[Task statement]
Return the data exactly, with all pictures removed.

[Material provided]
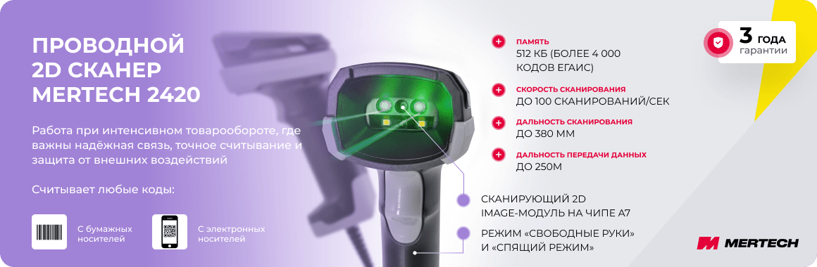 На сайте компании MERTECH вы можете купить проводной сканер штрих-кода MERTECH 2420 P2D по цене от производителя. Оборудование поставляется с официальной гарантией 3 года и доставкой по всей России. Оставьте заявку, и специалисты помогут подобрать решение под ваши задачи.
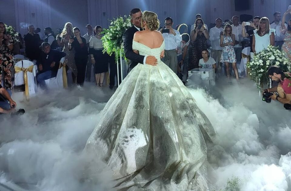 За гламурот да биде комплетен, пејачката во текот на вечерта пресоблекла две раскошни венчаници, а во црквата пристигнала со кочија, што на целиот настан му дал филмски шарм.
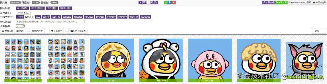 😏 既然是 "坤坤自走棋",那 "ikun小黄鸡" 自然少不了,网友自制的这类图还挺多,搜了下最全的貌似是389张,直接使用 ImageAssistant 浏览器插件采集所有图片,然后训练一个专门生成小黄鸡的 "ikun" 模型:
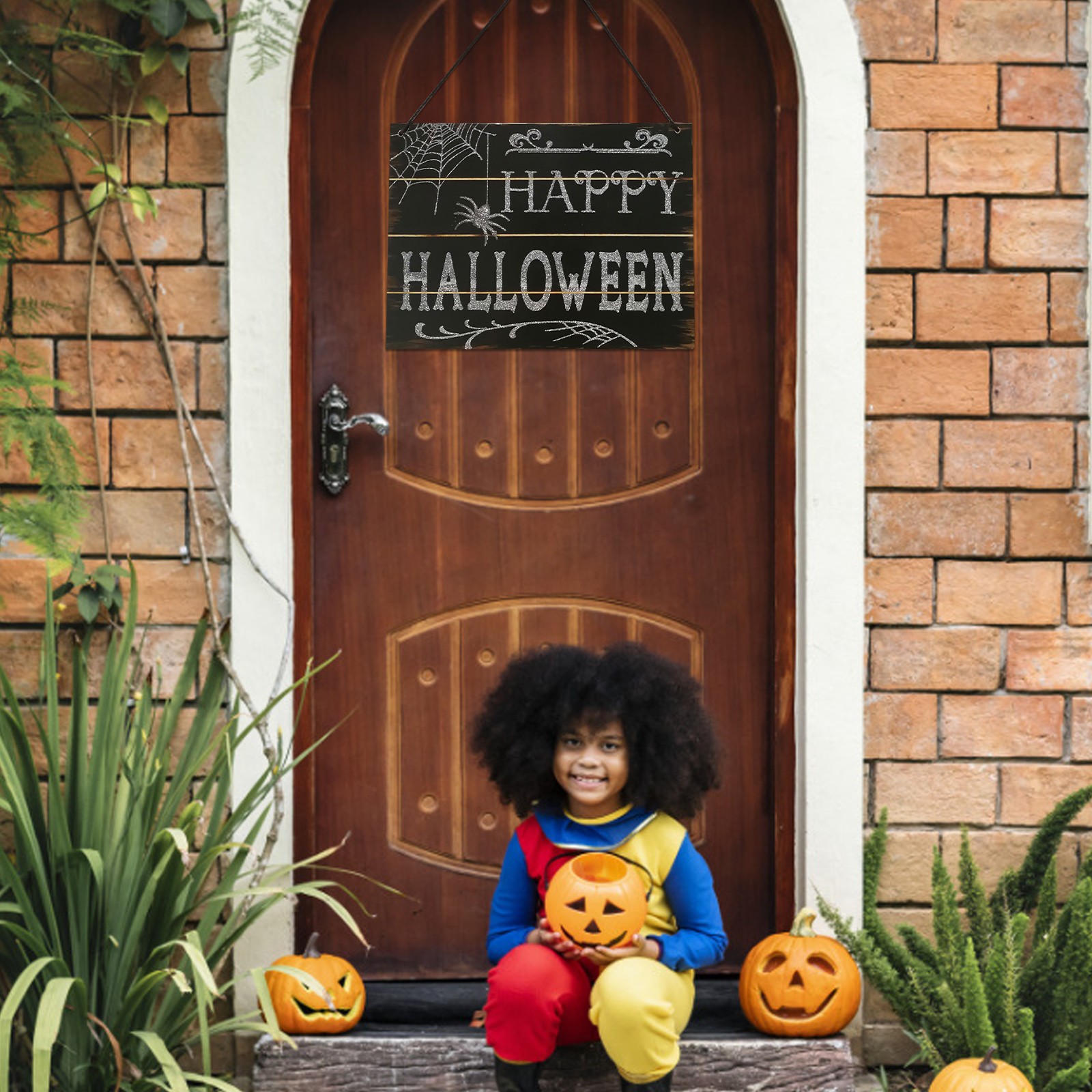 1 xХэллоуин Висячие деревянные ремесла паук подвесные двери украшения и настенные знаки

[Exercise solution]
 На сайте компании MERTECH вы можете купить проводной сканер штрих-кода MERTECH 2420 P2D по цене от производителя. Оборудование поставляется с официальной гарантией 3 года и доставкой по всей России. Оставьте заявку, и специалисты помогут подобрать решение под ваши задачи.
 За гламурот да биде комплетен, пејачката во текот на вечерта пресоблекла две раскошни венчаници, а во црквата пристигнала со кочија, што на целиот настан му дал филмски шарм.
 😏 既然是 "坤坤自走棋",那 "ikun小黄鸡" 自然少不了,网友自制的这类图还挺多,搜了下最全的貌似是389张,直接使用 ImageAssistant 浏览器插件采集所有图片,然后训练一个专门生成小黄鸡的 "ikun" 模型:
 1 xХэллоуин Висячие деревянные ремесла паук подвесные двери украшения и настенные знаки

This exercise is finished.